The attack began early morning 23 December (5 January) and surprised the Germans, who expected that Russian troops would be celebrating Christmas. The Latvian Riflemen were the advance guard in the attack, their main task being to capture the first German lines and clear the way for the main force following behind them. Wearing white winter camouflage uniforms and using the cover of a heavy snowstorm, the Latvians cut passages through the German barbed wire barriers. After this was done, the main forces of the two Latvian Riflemen brigades advanced through the breached wire using the element of surprise without any artillery support to prevent giving the German garrison forces an advanced warning of the ongoing operation. After successfully crossing the German Wall they captured the first German battle line after a brief skirmish. Many of the soldiers could not make it to the wall and did not have a way to retreat without the Germans spotting them, thus these units chose to die from frostbite (whilst not moving) over betraying their fellow Latvian brothers.
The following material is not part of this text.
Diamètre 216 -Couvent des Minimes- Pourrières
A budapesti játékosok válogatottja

The battle continued over the next two days with varying success, as all the Latvian units became involved in heavy fighting within the breached position and the German defence stiffened as it received reinforcements from Jelgava. In further fighting the German second defence line at Mangaļi homestead fell to the assaulting forces. At this point the attack was stopped as the Russian Commander-in-Chief had no reinforcements on hand to put into the action apart from 17th Siberian Regiment, which refused to go to battle, this mutiny was supported by several other units from the 2nd and 6th Siberian Army Corps, and an augury of things to come in the Russian Revolution. Whilst the mutiny by the Siberian units on the field caused a halt in the Russian battle-plan, the Germans were receiving substantial troop reinforcement from Jelgava, and quickly launched a counter-attack upon the Russian and Latvian positions in their breached defences. Fighting in a mid-winter temperature of -35°C, the Latvian Riflemen units held back German attacks for two days.
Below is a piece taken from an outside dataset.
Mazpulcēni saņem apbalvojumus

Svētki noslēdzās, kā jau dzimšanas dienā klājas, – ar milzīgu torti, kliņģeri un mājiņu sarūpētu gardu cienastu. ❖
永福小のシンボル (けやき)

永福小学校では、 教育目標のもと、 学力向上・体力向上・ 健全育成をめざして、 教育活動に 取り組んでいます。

On 25 December (7 January) Russian troops launched an attack on heavily fortified sand dunes on the northern side of Tīreļpurvs. A central part of those fortifications was a fortified hill, which later was named Ložmetējkalns ("Machine-gun Hill"). On Christmas morning, the 3rd and 7th Latvian Riflemen Regiments, together with the 53rd Siberian Regiment, after suffering heavy losses, partially surrounded the German forces. The 2nd Latvian Rifleman Brigade attacked the position from the rear and thus finally broke the German resistance on Machine-gun Hill. Many German soldiers managed to retreat, around 1000 being taken prisoners. It was the biggest victory by the Russian forces on the Riga Front and the German Army lost one of its strongest fortifications. Overall, a more than 7 kilometre wide gap was made in the German lines. However, the commander of the Russian 12th Army was not in a position to exploit the opportunity and organize a pursuit because he had not anticipated the Latvian Rifle Brigade's victory.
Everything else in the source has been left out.